Just because we haven't observed something popping out of nothing doesn't mean it can't happen. Maybe the rules are different for the universe as a whole.

I think I can understand the heart of your objection. One reason that we assume that things can't pop out of nothing is that our experience tells us this doesn't happen, so it's an example of induction, inferring from the specific to the general. And if it's just induction, maybe there's nothing logically contradictory about that happening. But there are two things to be said about that.

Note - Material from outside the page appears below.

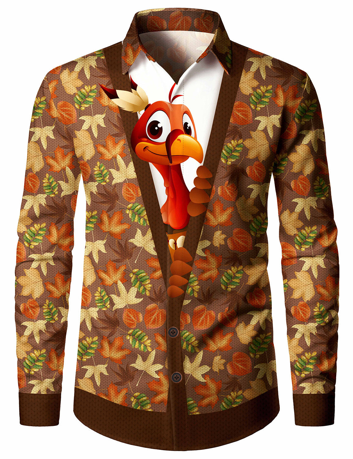 Men's Thanksgiving Day Turkey Themed Long Sleeve Shirt
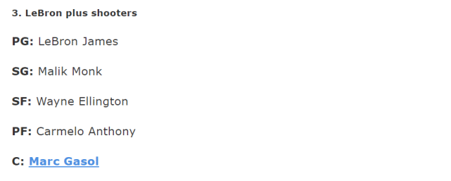 3.詹姆斯带射手的阵容

First, just because it might not be logically contradictory for that to happen, that doesn't mean it's a good explanation; we'd still need some good reasons to think that it happened that way. For example, imagine you walk into your apartment and you see your roommate hunched over a plate. He looks up and he has chocolate smeared on his face and crumbs on his jacket. He's been eating the double chocolate cupcake that your mom gave you for your birthday! You're about to accuse him and he says "Wait, wait, it's not what you think! Isn't it possible that while I was walking through the kitchen, the cupcake spontaneously appeared in my mouth?" Would you believe him? Of course not! He'd have to give some evidence that he really didn't just take the cupcake from the fridge and eat it. The point is that we have no evidence of anything physical spontaneously happening with truly no explanation, and it seems absurd, even if you argue it's not technically impossible.

Second, the first premise, that everything that begins to exists has a cause, goes deeper than just something from nothing. When you reject this premise, it's not just saying that there was no stuff and suddenly there is stuff, violating the conservation of matter and energy. You're actually claiming something way more extreme than that: that something can begin with literally no cause at all. Not just an unknown cause, but absolutely no cause or explanation.

Because this argument is okay with leaving the outside cause unknown, even if it does have similarities to God. But to say with confidence that there is just no cause, I think goes way beyond our ability to know, and contradicts our intuitions and observations that everything does have an explanation. Don't you think it's more reasonable to say the universe might have an explanation rather than needing no explanation?